Body Myths

What diet pill works very quickly with just daily running exercise?

I want to start running and eating healthier to lose weight.But i also want to use a diet pill to get max results and to speed up the process significantly. So what do y'all suggest as an effective diet pill?

Public Comments

  1. I'd be careful when it comes to taking diet pills. A lot of them have large doses of caffeine, which you should beware of while running. Read labels and do your research. Nothing is a substitute for a balance diet and exercise program. Lift weights to increase your lean body mass (which burns more calories) a few days a week to round out your exercise plan. Drink lots of water. And get plenty of sleep. Studies show being sleep deprived can increase cravings and lead to weight gain.
  2. Diet pills are counterproductive to running. The caffine will jack with your metabolism and you will not be refueling properly. Make a choice -- are you an athlete or a dieter? There are no olympic athletes taking dexatrim..... The math is simple. For every 3700 calorie deficit you create, you will lose 1 lb of fat. That's it. SO if you continue to eat the way you eat today -- and you start running 3 miles a day -- you lose a pound every 10 days AND you get faster. The faster you run, the better your endurance, the more calories you burn, the more weight you lose. By modestly increasing your distance by 10% per week, you'll be running 6 miles in no time... 6 miles a day is a pound every 5 days permanently GONE. If you do not refuel adequately you will not be able to effectively work out daily. Vegetables and fruit will accelerate your digestive system and you will drop 'waste' weight which is usually a free 2-4 lbs. (Eat as much fruit and veggies as you want). Nothing from a box, and avoid fried foods. Lots of water. Dexatrim or other diet tabs will slow your digestive system down and put you into a 'starvation' mode where your body will hoard everything once you stop taking it. Drugs are for losers-- start thinking like an athlete; stop thinking like a dieter.
  3. Why is everyone bashing caffeine? At every day levels (a couple of cups of coffee), caffeine has primarily positive effects.
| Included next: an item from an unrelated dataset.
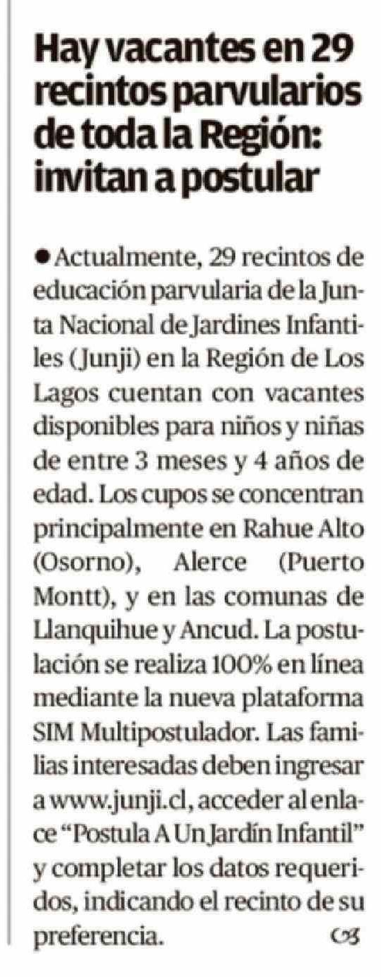 Hay vacantes en 29 recintos parvularios de toda la Región: invitan a postular 07-04-2026 El Llanquihue |

Studies show caffeine at moderate levels increases both physical and mental capacity. Coffee is full of antioxidants. Most studies show that dehydration is minimal (and most runners are WAY overhydrated anyway). The only real negative is the need to pee frequently, and that stops after an hour or so - caffeine has a half life of 4 hours in your system, so its effects continue long after the bathroom trips stop. The only effective diet pill that goes with what you're doing is time. You're planning to make the necessary changes, you just have to be patient and let them do what they're intended to do. There's no way to "speed up the process", and fast weight loss certainly isn't safe. Ever notice how diet pills tend to have the fine print of "with diet and exercise" attached? The reason people lose weight on diet pills (besides the placebo effect) has nothing to do with the pills, if they're dieting and exercising they don't need the pills to lose weight. If a product were marketed that said "Practice knitting for one hour every day, and take this pill that has been extensively researched by people on our payroll, and within 6 months you'll be significantly better at knitting sweaters!", would you think that sounded like a ridiculous scam? Yet it's no different than diet pill marketing. If you want to take a supplement to speed up your weight loss, how about green tea? It won't help any more than those pills, but at least there's no danger later on of negative side effects (read: ephedra).
  4. Here's a few tips that work for me: I spend a long time in front of a computer screen. Often I just stare at the monitor for up to 15 seconds while a page load or a document gets printed or whatever it is that the computer is doing. When this is happening I lift my hands up over my head and then bring them down. I keep on doing this until the computer has finished whatever it is doing and it requires some input.,. from me. I do similar exercises like getting up from the chair and sitting down again. I sometimes might be standing up and might type a few sentences while standing. Combine this with drinking only water and I am doing something to lose weight. It is not much but doing it all the time it does help in losing weight. I might swap this sometimes. I might decide that I will not do the arm exercise for a week but that week I will get off the lift two floor below and walk up the last two floors. So long as when I go to bed at night I can say that that day I have done something extra to burn some weight, I am happy.